== Data records

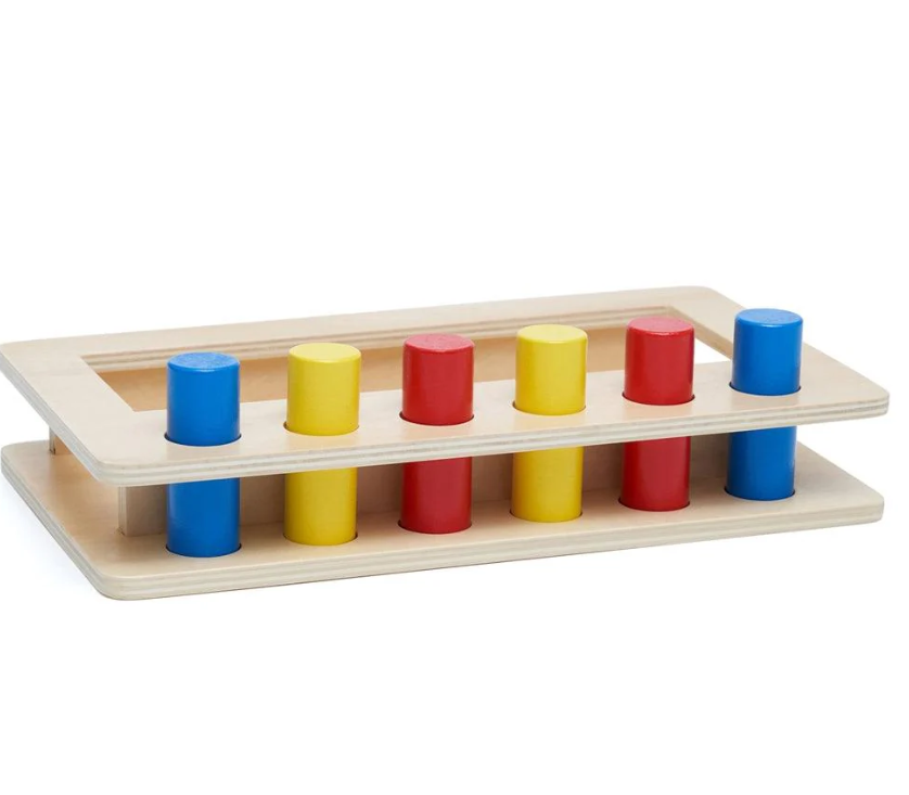- Împingerea pionilor: Copilul folosește mâinile pentru a împinge pioni colorați prin găurile de pe partea superioară a tăvii. Fiecare pion are o culoare distinctă și dimensiuni ușor de manevrat pentru micuți.
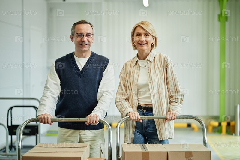 Портрет мужчины и женщины среднего возраста, улыбающихся во время перемещения ящиков
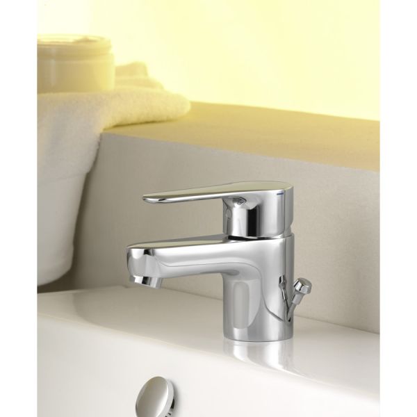 В комплекте поставки: смеситель, гибкая подводка, донный клапан.
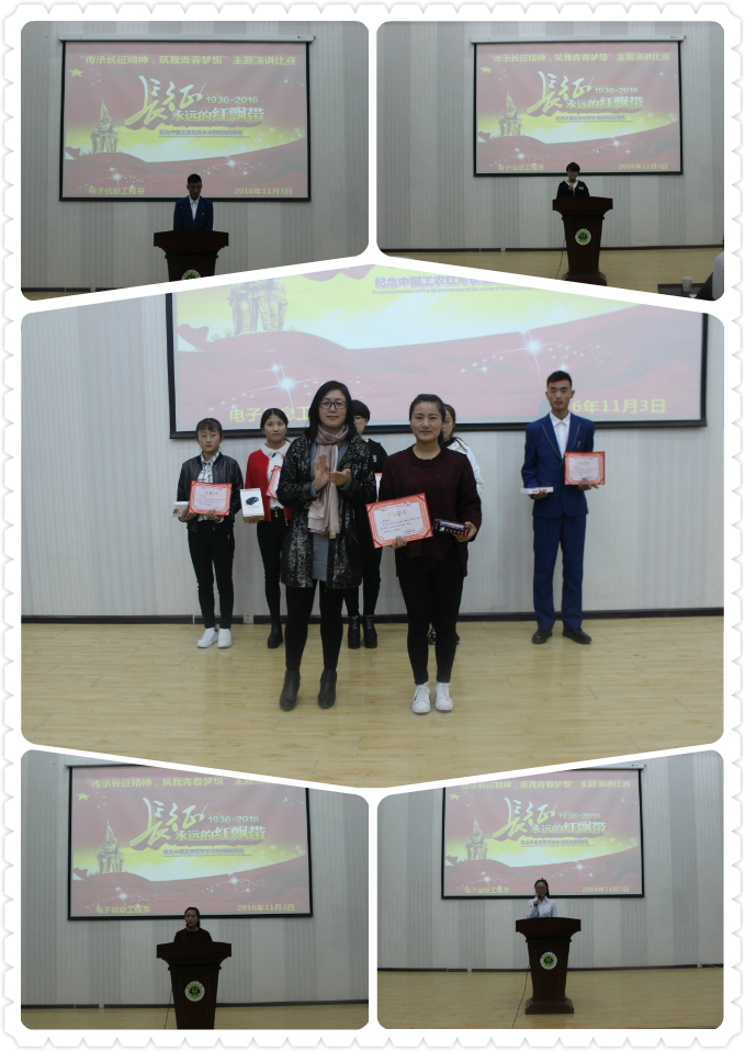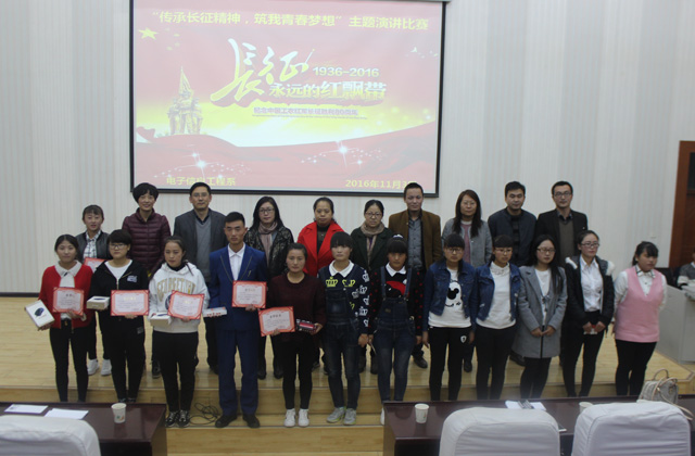 為貫徹習(xí)近平總書記在“紅軍長(zhǎng)征勝利80周年大會(huì)”上發(fā)表“不忘初心、繼續(xù)前進(jìn),走好新的長(zhǎng)征路”的重要講話,激發(fā)師生弘揚(yáng)偉大的長(zhǎng)征精神,電子信息工程系于11月3日在正德廳舉辦了 “傳承長(zhǎng)征精神,筑我青春夢(mèng)想”主題演講比賽。系主任李亞梅及各位班主任擔(dān)任本次比賽評(píng)委,2016級(jí)全體學(xué)生觀看了比賽。
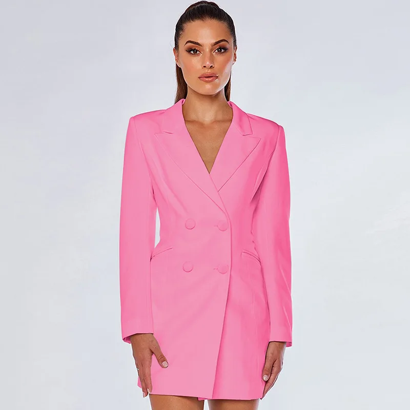Пикантный Элегантный женский костюм с настоящей картинкой, двубортный приталенный Блейзер, летняя повседневная Уличная одежда для молодых девушек
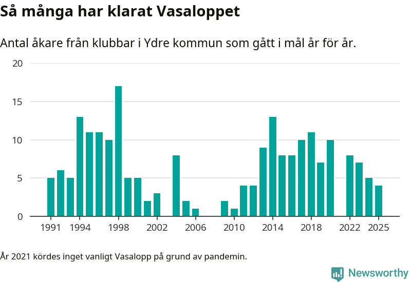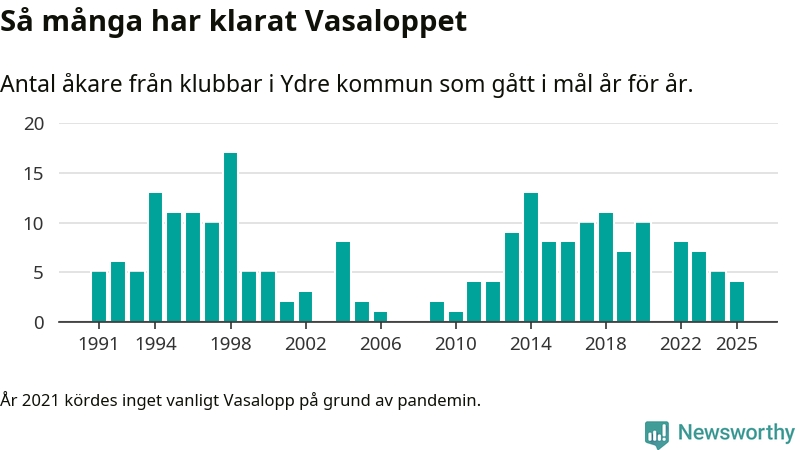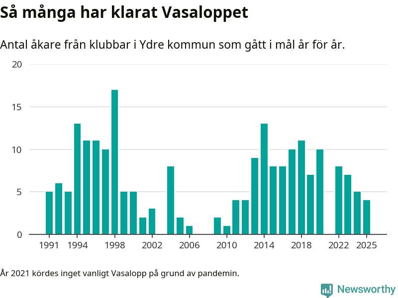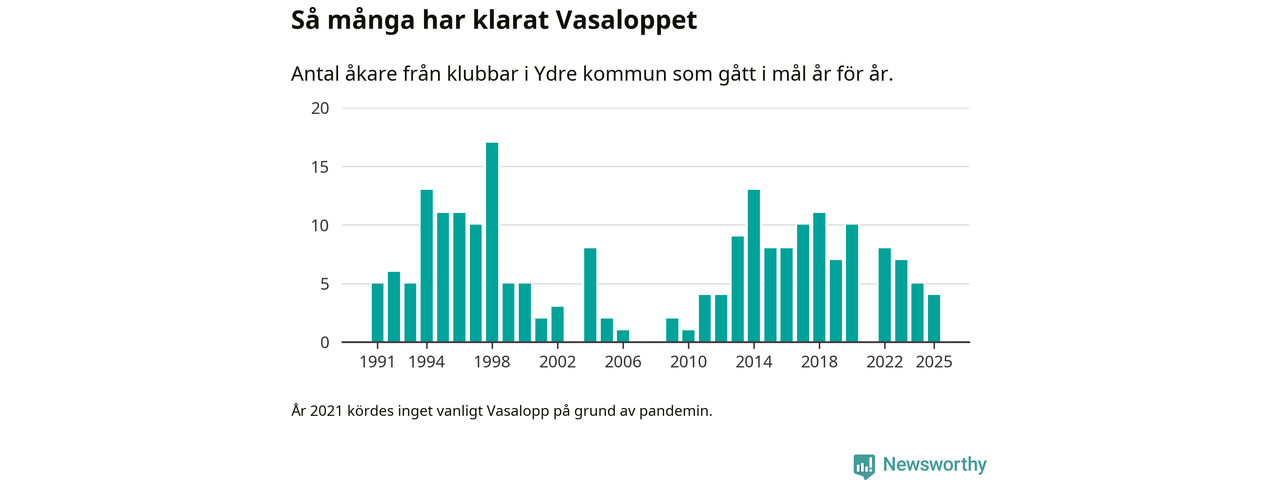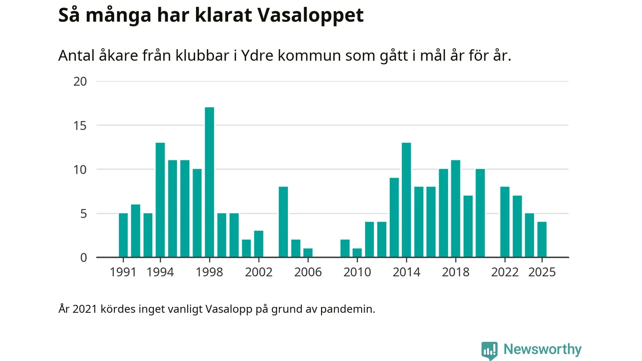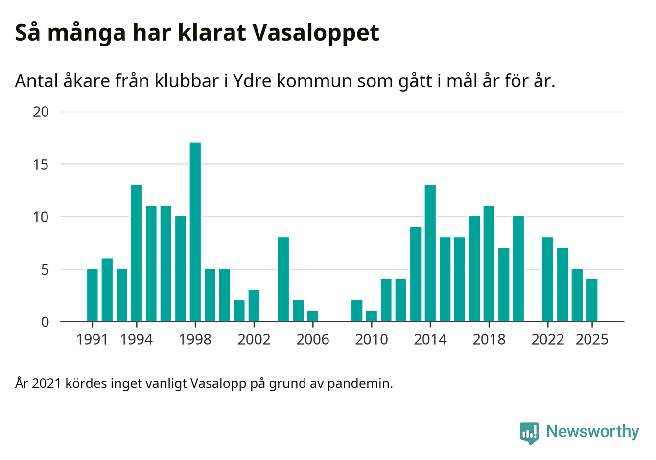 På söndag går starten för det 102:a Vasaloppet. Newsworthy har samlat in och sammanställt samtliga Vasaloppsresultat sedan 1991. Det ger en unik bild av hur skidåkare från klubbar i Ydre kommun har klarat sig genom åren.
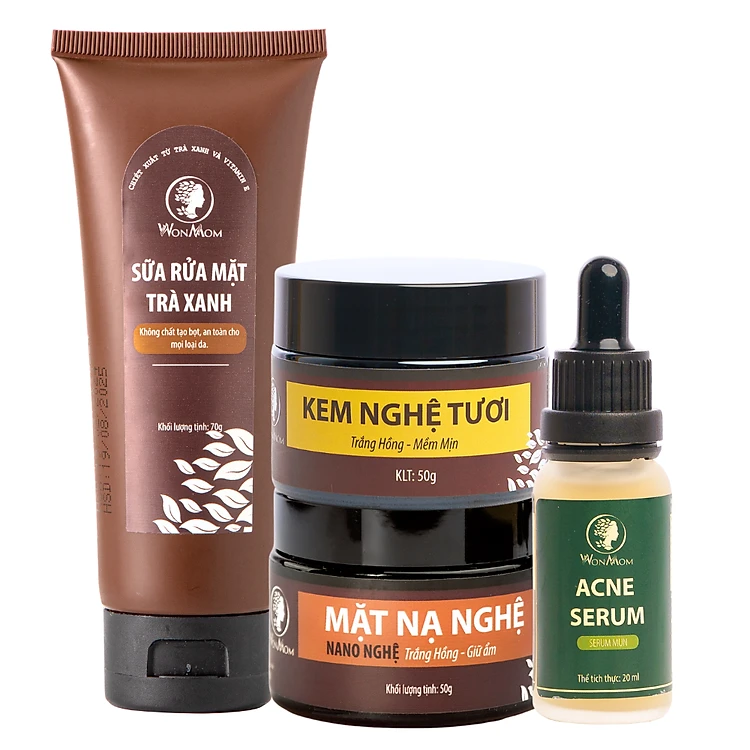 Bộ trắng da, sạch mụn nám toàn diện Wonmom (Sữa rửa mặt+Kem nghệ tươi+Serum mụn+Mặt nạ nghệ)
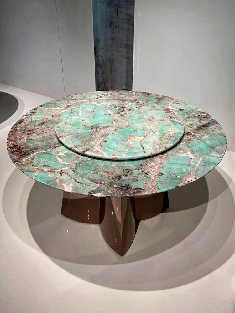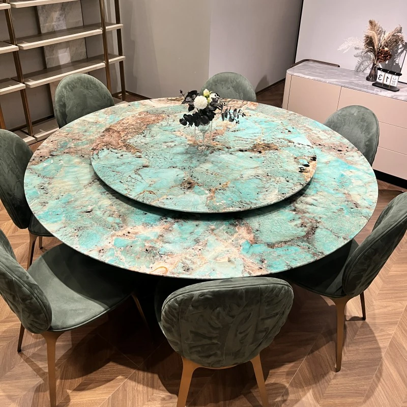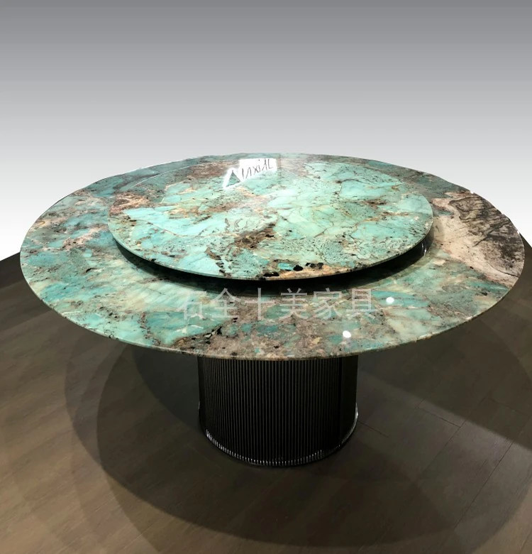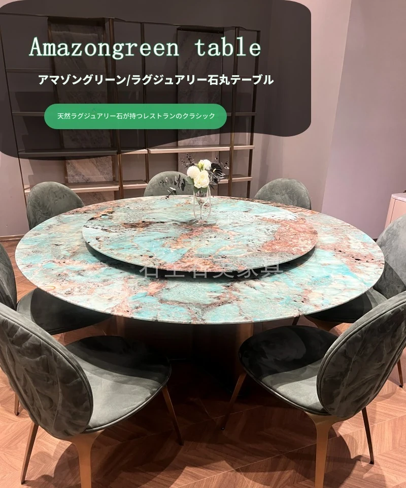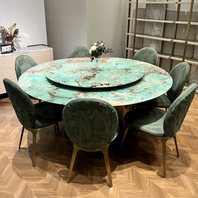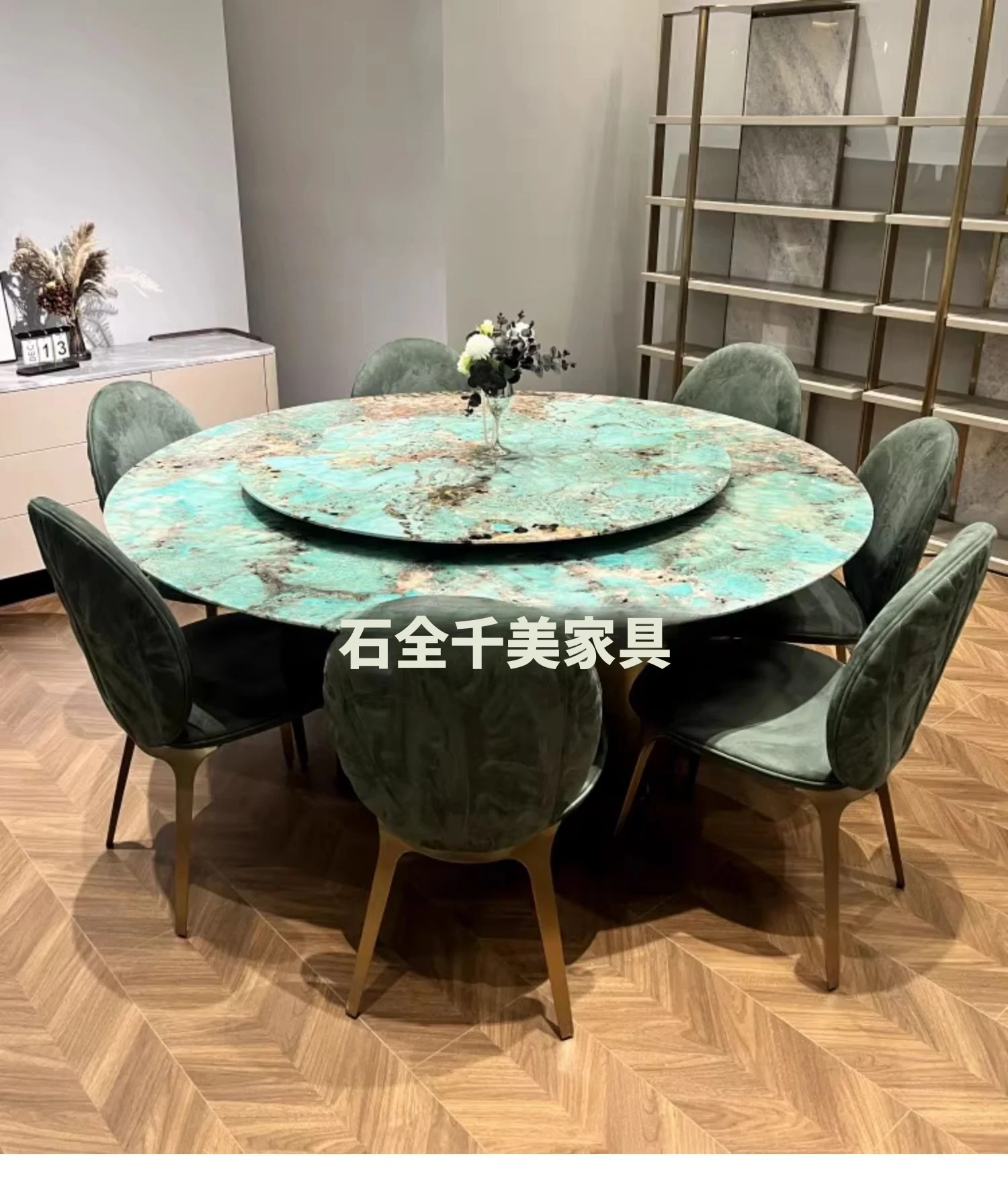 高級アマゾンのグリーンラグジュアリー石製ダイニングテーブル - 自然大理石のラウンドテーブル、回転トレイ付き、軽やかな贅沢な別荘スタイルの家庭用食卓。

====

Print the lines from the beginning of the records up to and including the line containing "Пикантный Элегантный женский", word for word, with no pictures.

= Response for this exercise =
- Împingerea pionilor: Copilul folosește mâinile pentru a împinge pioni colorați prin găurile de pe partea superioară a tăvii. Fiecare pion are o culoare distinctă și dimensiuni ușor de manevrat pentru micuți.
 Портрет мужчины и женщины среднего возраста, улыбающихся во время перемещения ящиков
 В комплекте поставки: смеситель, гибкая подводка, донный клапан.
 為貫徹習(xí)近平總書記在“紅軍長(zhǎng)征勝利80周年大會(huì)”上發(fā)表“不忘初心、繼續(xù)前進(jìn),走好新的長(zhǎng)征路”的重要講話,激發(fā)師生弘揚(yáng)偉大的長(zhǎng)征精神,電子信息工程系于11月3日在正德廳舉辦了 “傳承長(zhǎng)征精神,筑我青春夢(mèng)想”主題演講比賽。系主任李亞梅及各位班主任擔(dān)任本次比賽評(píng)委,2016級(jí)全體學(xué)生觀看了比賽。
Пикантный Элегантный женский костюм с настоящей картинкой, двубортный приталенный Блейзер, летняя повседневная Уличная одежда для молодых девушек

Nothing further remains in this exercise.